• _Your assignment_: Give the data below again exactly as it stands. Omit the pictures.

Stored data entries
┄┄┄┄┄┄┄┄┄┄

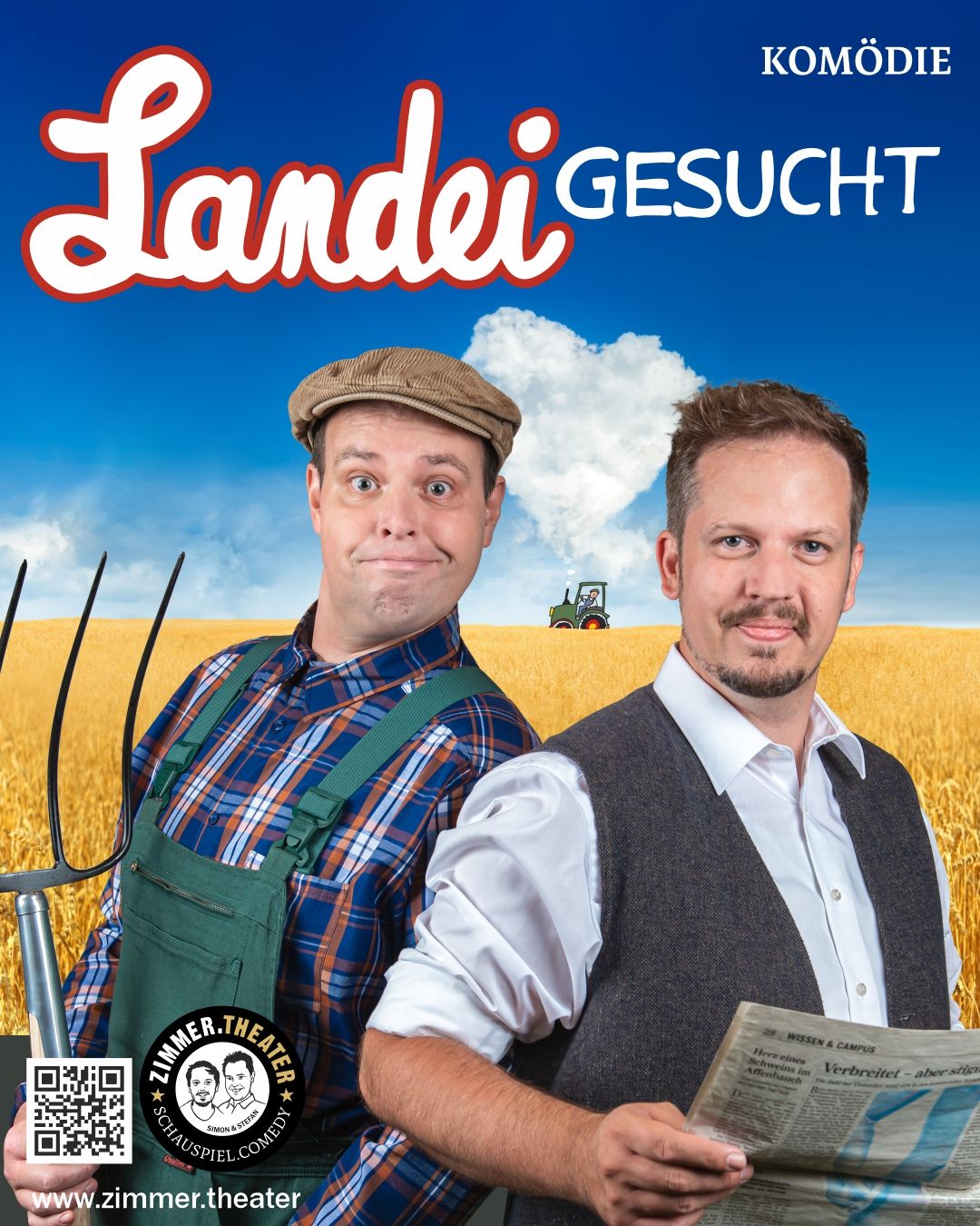 Theaterdinner "LANDEI GESUCHT" 70,- € pro Person (inkl. 3-Gang-Menü, Theaterprogramm, MwSt.) Schauspielkomödie vom ZIMMER.THEATER Bauer Erwin (Stefan Marx) ist deprimiert. Seit Jahren ist er vergebens auf der Suche nach einer passenden Frau. Die Dating-Komödie bei der gewiss kein Zuschauerauge trocken bleibt! Vergessen Sie Tinder und Co! Das inzwischen schon Kult-Stück vom ZIMMER.THEATER sollte man auf keinen Fall verpassen! ZIMMER.THEATER Simon Hillebrand und Stefan Marx sind ausgebildete Schauspieler und
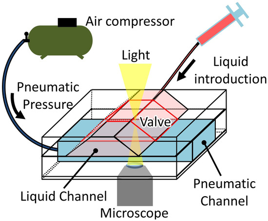 Microvalves are essential components in the development of highly integrated microfluidic devices because they are required for precise fluidic control [19]. Accordingly, a microvalve that can close a microchannel for handling large particles must be developed. Among the various types of microvalves that are integrated with microfluidic devices [20], pneumatic microvalves are suitable for biological experiments. Pneumatic microvalves consist of two microchannels and a thin membrane between the microchannels [21]. The microchannels and the membrane are made of polydimethylsiloxane (PDMS). The thin membrane bends when the pneumatic pressure is applied to one of the pneumatic channel, and causes the other microchannel to be closed [22]. This type of microvalve allows the use of scarce biogenic samples without waste because there is no dead volume. In addition, they also have advantages in biological experiments, including ease of sterilization, rapid response, simple configuration, and compactness.
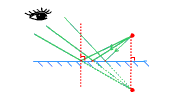 平面镜是一种反射镜,平面镜成像可由光的反射定律说明。平面镜所成的像大小和物体相等,像和物体关于平面镜成镜面对称。平面镜所成的像并非是光线真正聚散之处,称为虚像;而由光线直接照射所成的像称为实像。实像可以在屏幕上显示出来,而虚像只能在镜中见到。 |
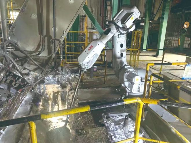 本鋼浦項撈鋅渣機器人正在進行撈鋅渣作業。攝影 趙興時
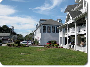 青い空に木造建築の建物が映えて、アメリカ国旗が良く似合っていました。 |
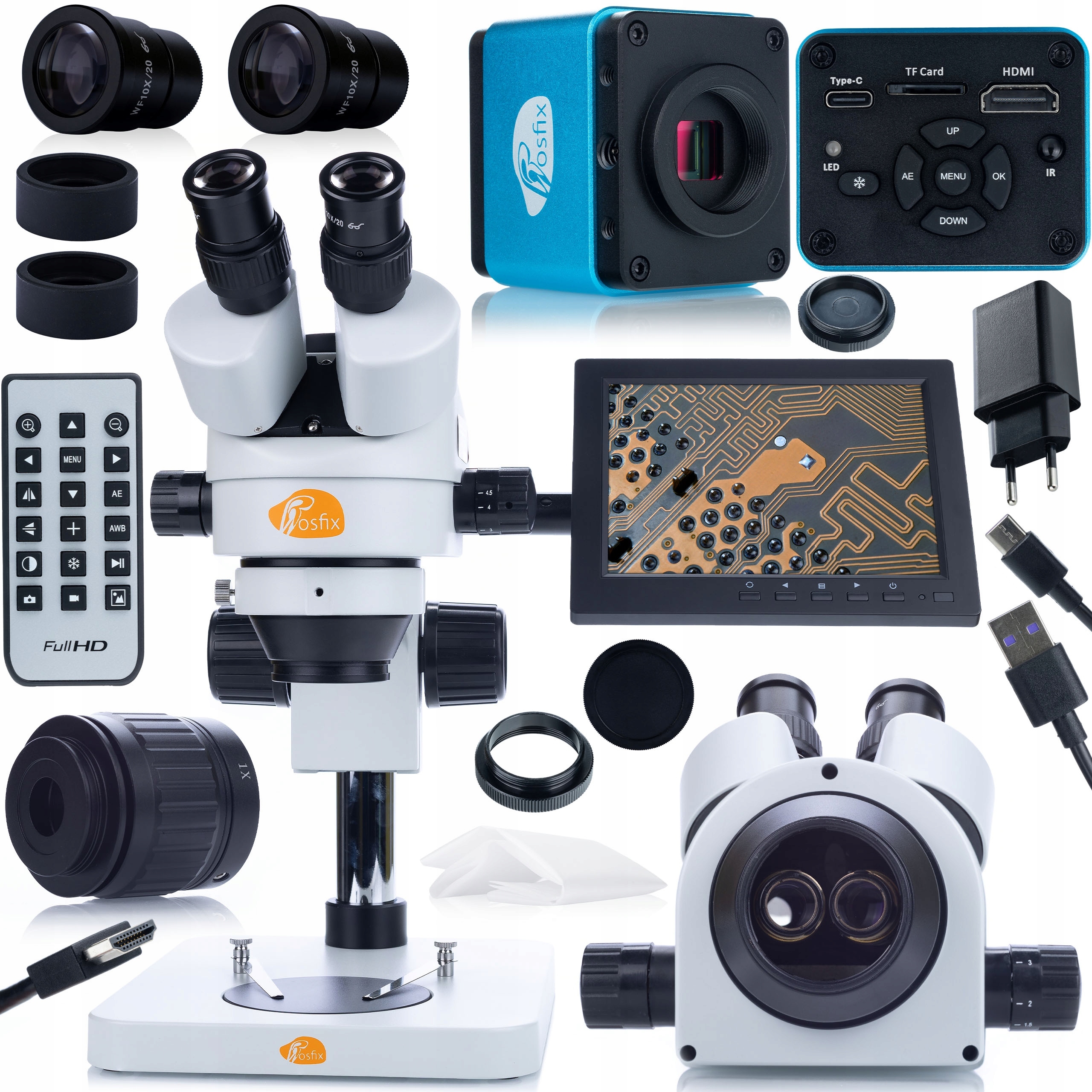 Kompletní mikroskopická sada Mercury Pro s mikroskopickou kamerou, držákem na displej a 8palcovým displejem

┄┄┄┄┄┄┄┄┄┄

• _Answer space_:
 Theaterdinner "LANDEI GESUCHT" 70,- € pro Person (inkl. 3-Gang-Menü, Theaterprogramm, MwSt.) Schauspielkomödie vom ZIMMER.THEATER Bauer Erwin (Stefan Marx) ist deprimiert. Seit Jahren ist er vergebens auf der Suche nach einer passenden Frau. Die Dating-Komödie bei der gewiss kein Zuschauerauge trocken bleibt! Vergessen Sie Tinder und Co! Das inzwischen schon Kult-Stück vom ZIMMER.THEATER sollte man auf keinen Fall verpassen! ZIMMER.THEATER Simon Hillebrand und Stefan Marx sind ausgebildete Schauspieler und
 Microvalves are essential components in the development of highly integrated microfluidic devices because they are required for precise fluidic control [19]. Accordingly, a microvalve that can close a microchannel for handling large particles must be developed. Among the various types of microvalves that are integrated with microfluidic devices [20], pneumatic microvalves are suitable for biological experiments. Pneumatic microvalves consist of two microchannels and a thin membrane between the microchannels [21]. The microchannels and the membrane are made of polydimethylsiloxane (PDMS). The thin membrane bends when the pneumatic pressure is applied to one of the pneumatic channel, and causes the other microchannel to be closed [22]. This type of microvalve allows the use of scarce biogenic samples without waste because there is no dead volume. In addition, they also have advantages in biological experiments, including ease of sterilization, rapid response, simple configuration, and compactness.
 平面镜是一种反射镜,平面镜成像可由光的反射定律说明。平面镜所成的像大小和物体相等,像和物体关于平面镜成镜面对称。平面镜所成的像并非是光线真正聚散之处,称为虚像;而由光线直接照射所成的像称为实像。实像可以在屏幕上显示出来,而虚像只能在镜中见到。 |
 本鋼浦項撈鋅渣機器人正在進行撈鋅渣作業。攝影 趙興時
 青い空に木造建築の建物が映えて、アメリカ国旗が良く似合っていました。 |
 Kompletní mikroskopická sada Mercury Pro s mikroskopickou kamerou, držákem na displej a 8palcovým displejem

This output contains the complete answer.